Sadly, like many corners of the internet in which the user can find small freedoms, the screenshot is being clamped down on, too. As of this spring, most streaming sites now block the ability to screenshot for reasons of copyright even though, for the majority of viewers, to screenshot is to capture a feeling for your own pleasure only. But the more I think about the way I am beginning to use the internet and my phone, there are other quieter resistances in play. The memories (and memes) visitable in all their randomness in the media, links, and docs section of a WhatsApp thread feel more true to the dynamics of day-to-day life than my iPhone’s sorting of photos into months, locations, faces and themes. Even the Notes app expresses a space for the kind of streams of thought that are more closely held and pleasingly obfuscatory.

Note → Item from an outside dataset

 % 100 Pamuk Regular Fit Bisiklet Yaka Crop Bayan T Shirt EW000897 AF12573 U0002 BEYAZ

In the end, to move through the world is to experience encounters that constantly pass us by, and to brush up against moments that we are not able to save other than as an unreliable memory. The increasing popularity of apps like BeReal that capture those moments—rather than try to contain and display them—seems to reflect an embrace of life’s fleetingness. But what they neglect is the need to find other ways to interact with the media we encounter, like the photographs, quotes and films that have an impact on us, and shape us. When it comes to that particular landscape, we need new tools to pay tribute to the imprints—the traces, the annotations—these objects make on us. We need tools that are less about organizing moments than saving the feeling of the encounter.

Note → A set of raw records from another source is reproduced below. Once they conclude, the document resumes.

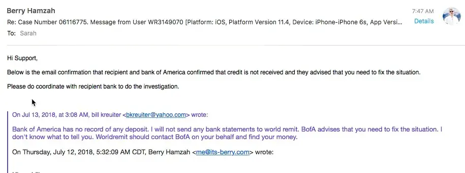 I am really disappointed. This is really expensive lesson and cost me $1400 . i hope this also can be a lesson for all of the reader to not use worldremit service to send money . and if worldremit read this, i hope he understand better his customer and can further investigate the issue.
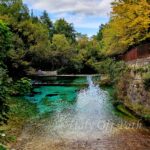 Potem przenieśliśmy się do Il Fiume Verde, która jest zaledwie kilkaset metrów dalej. Zielona rzeka jest naprawdę zielona, może bardziej turkusowa, a miejscami bardzo niebieska. Podobno właśnie te niezwykłe cechy sprawiają, że makarony De Cecco i Del Verde powstają w Fara San Marino. Nie bardzo wiem, co kolor rzeki ma do makaronu, ale najwyraźniej coś ma.
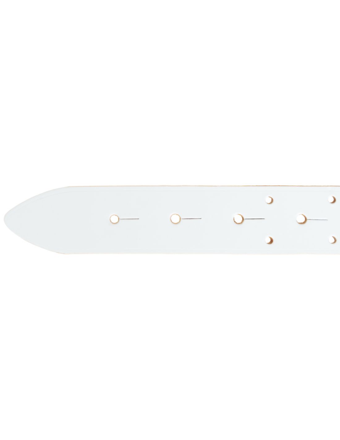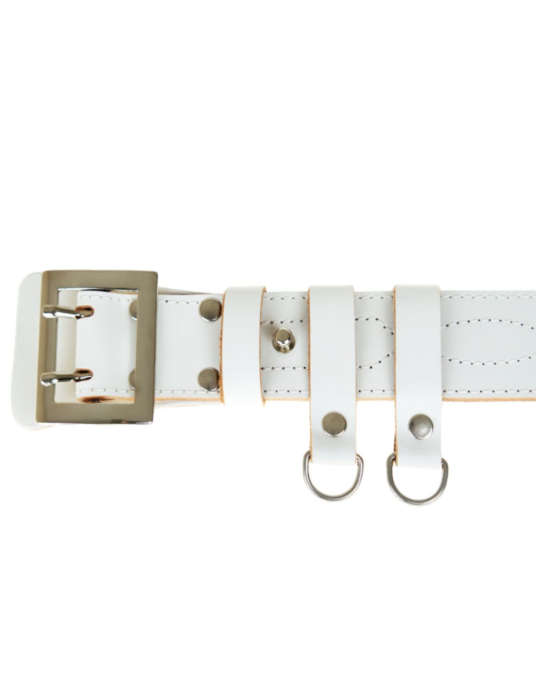 Pas wykonany ze skóry naturalnej z malowanym licem w białym kolorze, grubości od 3,4 do 3,6 mm. Poszczególne elementy łączone są nitami (o średnicy 5 mm). Pas wykończony jest ozdobnym szyciem widocznym z obu stron, który dodatkowo pełni rolę wzmacniającą wytrzymałość pasa. Od wewnętrznej strony naszyta jest dodatkowa warstwa ze skóry świńskiej, która zwiększa trwałość i zapewnia cyrkulację powietrza - oddychanie skóry.

The messy computer desktop also feels like it occupies this very in-betweenness, with the files saved there feeling somewhere between remembered, and temporary. Scrolling through mine, I see a passport photo, an image from a Studio Ghibli film of a character filling a vase with water, a still of Nastassja Kinski at a zoo in “Cat People,”and a Jonas Mekas film negative. In the latter, Mekas occupies the bottom two frames with his back to the camera, looking out of the window. In the frame above, the words on a pink backdrop much like an Eric Rohmer intertitle: “YOU LOOK AT THE SUN. THEN YOU RETURN HOME AND YOU CAN’T WORK, YOU’RE IMPREGNATE WITH ALL THAT LIGHT.” In the foreground, in the midst of shelves and shelves of objects, is the artist’s very messy desk.